No less a personage than President Franklin D. Roosevelt acknowledged this in 1935, stating, “During this Depression, when the spirit of the people is lower than at any other time, it is a splendid thing that for just 15 cents an American can go to a movie and look at the smiling face of a baby and forget his troubles.” (Movie tickets for 15 cents … now I’m depressed.)
But from 1934 to 1938, Shirley’s miniframe, and maximum moxie, reigned supreme as she sang and danced her way into America’s collective heart through a series of we’ll-muddle-through movies with such truth-in-advertising titles as “Bright Eyes” (1934) and “Curly Top” (1935) — in which she sang her two most famous songs, “On the Good Ship Lollipop” and “Animal Crackers in My Soup,” respectively. (My favorite is still her Mutt-and-Jeff duet with the future Jed Clampett, Buddy Ebsen, “At the Codfish Ball” in 1936’s “Captain January.” Sample lyric: “The catfish is a dancing man, but he can’t can-can like a sardine can.”)
Shirley made her screen debut at the ripe old age of 3 in a series of one-reel “Baby Burlesks,” imitating such grown-up stars as Marlene Dietrich. You can see more of her impersonations in 1936’s “Stowaway,” when she apes everybody from Al Jolson to Ginger Rogers — by dancing with a Fred Astaire doll.

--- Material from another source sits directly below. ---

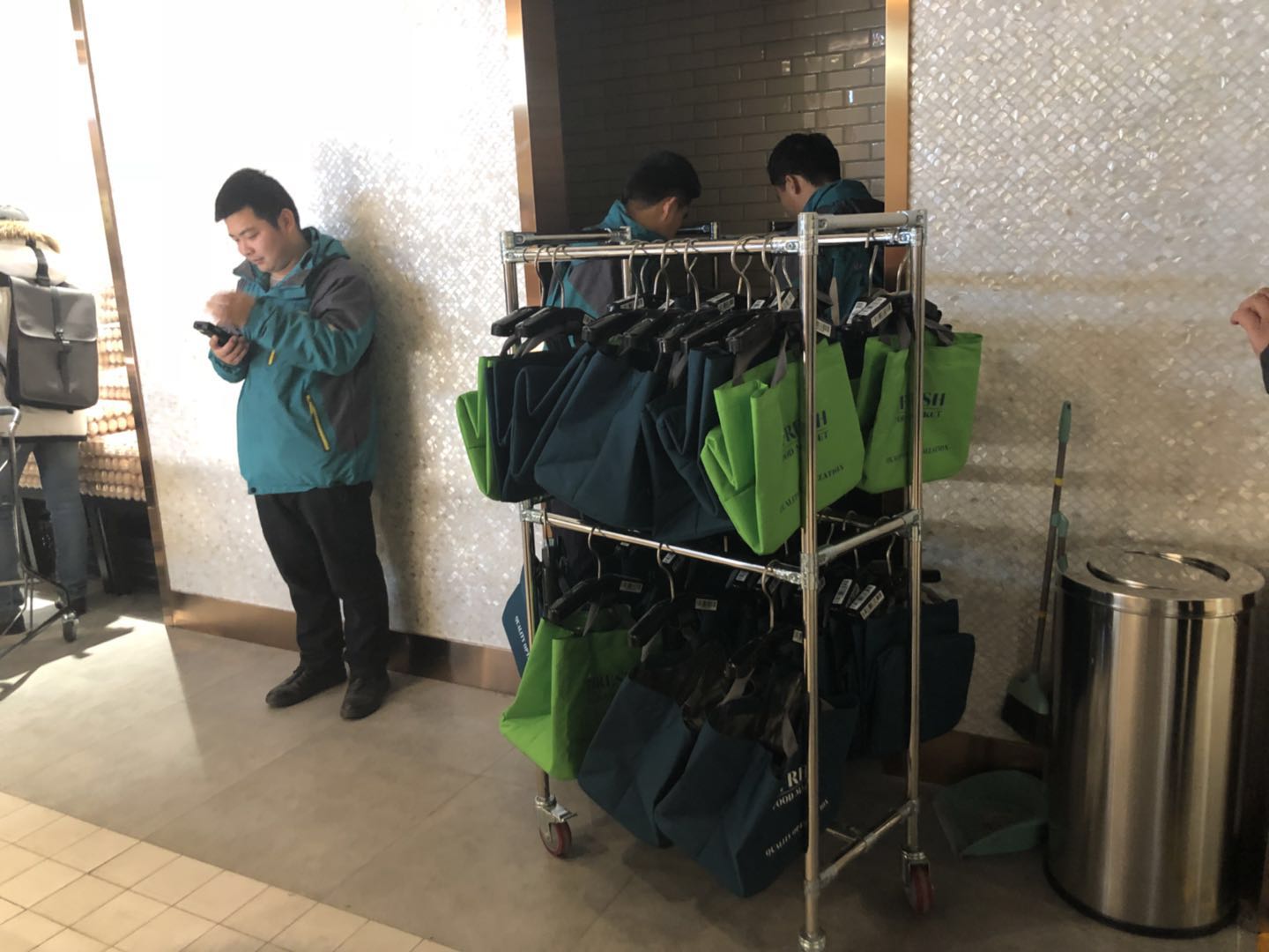 与盒马一样,7fresh仓储的解决方案是仓店一体。在7fresh门店内,随处可见身着绿色工装的拣货员手持巴枪(数据传输、分单的终端)和生鲜袋来回穿梭,总人数在三、四十人上下。在开业促销价59元一盒的车厘子旁,几乎每一分钟都有拣货员来取货。他们的动线由系统调配,以达到最优,从超市内分散的若干传输口内,生鲜袋被挂上悬挂链,传输到后场进行打包。

That was in reel life. In real life, everybody wanted a Shirley Temple doll. (Especially my mom — who never got one, because her parents couldn’t afford to buy her one.) Shirley, meanwhile, was a seasoned showbiz pro. At 6, when her mother took her to see Santa Claus at a department store, Santa asked for her autograph.

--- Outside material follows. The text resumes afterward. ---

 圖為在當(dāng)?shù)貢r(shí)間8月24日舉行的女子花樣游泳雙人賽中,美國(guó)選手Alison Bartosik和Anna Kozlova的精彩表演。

Too bad for Shirley, but she had work to do, playing the smiling ray of sunshine in movie after movie, bringing out the best in everybody, inspiring them to work together for their — and her — own good.
She didn’t always play an orphan; in two of her best movies, 1935’s “The Littlest Rebel” and 1939’s “The Little Princess,” she does have fathers — but of course it’s up to her to save the day.
These days, it’s tough to watch some of the antiquated racial stereotypes on display in a movie like “The Littlest Rebel.” That is, until the magic moment when little Shirley and tap master Bill “Bojangles” Robinson go into their dance, dissolving any thoughts other than sheer delight — theirs, in conjuring such happiness, and ours, in being able to share it.